Bloss’ connection to Oregon State became known in January 1992 when then OSU President John Byrne received a letter from the widow of John M. Bloss, a grandson named for his famous Civil War grandfather-turned-college president, offering the university the use of photographs and documents she had found while going through family papers. Toward the end of her correspondence, almost written as an afterthought, she wrote, "As you probably know, John M. was a Civil War veteran and the finder of Lee’s ‘Lost Order’ at Antietam."

The rise of this celebrated army sergeant to college president is a tale of considerable professional and personal achievement. For 25 years after the close of the War, Bloss, an 1860 graduate of Hanover College, worked in a variety of top administrative positions in public schools systems stretching from Muncie, Indiana, to Topeka, Kansas. During this time he became known as the educator who "invented" the concept of the "consolidated" public school.

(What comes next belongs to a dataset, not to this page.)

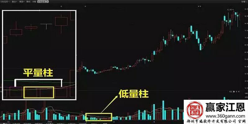 我們運(yùn)用股票軟件所選出的一只股票的截圖。這一只股票,當(dāng)人本人運(yùn)用這兩種量柱的方法輕松拿到了40個(gè)點(diǎn)。圖中黃框內(nèi)的位置其實(shí)就是很多人說的量坑位置,在這個(gè)位置的成交來滾你是非常小的,所以就是低量柱,它是成交量最小的一個(gè)階段,這根量柱是市場(chǎng)起漲的先兆。白框內(nèi)黃色小框里的兩根量注基本上是一樣的,所以說就是平量柱。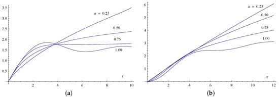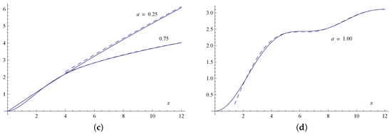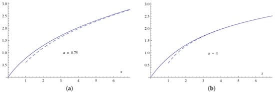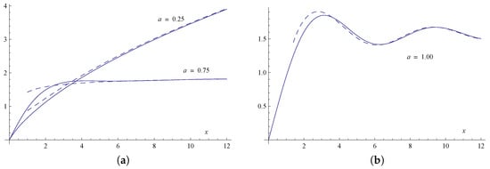 Finally, in Table 3 we present the error associated with the expansions of the generalised sine and cosine integrals and as given in Theorems 3–5. For , the logarithmic expansion in (30) arises for and ; for the logarithmic expansion in (31) arises for . In Figure 3 are shown plots (We remark that the plot of in Figure 3b differs from that shown in Figure 4 of Reference [].) of and for different and in Figure 4 the leading asymptotic approximations from the expansions in Theorem 5 are compared with the corresponding plots of these functions.

While president of OSU, Bloss increased the size of the campus from two to four buildings and increased the size of the faculty and operating budgets. To Beaver fans, Bloss is the father of OSU football, having given permission to the student body in 1893 to field a team. His son, Will Bloss, both played on the team and served as its head coach, the first in school history. Bloss changed the color of OSU’s military uniforms from gray (under Arnold) to blue and was the president during whose administration the school adopted the colors orange and black.

Bloss arrived in Oregon a widower, a fact he shares with Arnold, and like Arnold, remarried while he was in Corvallis. In 1896, probably due to some health issues (Finley the same), OSU’s third president resigned and moved back home, where he died on his family farm, "Blossom Acres," in 1905.

George Edmonston Jr. is editor of the Oregon Stater and Eclips.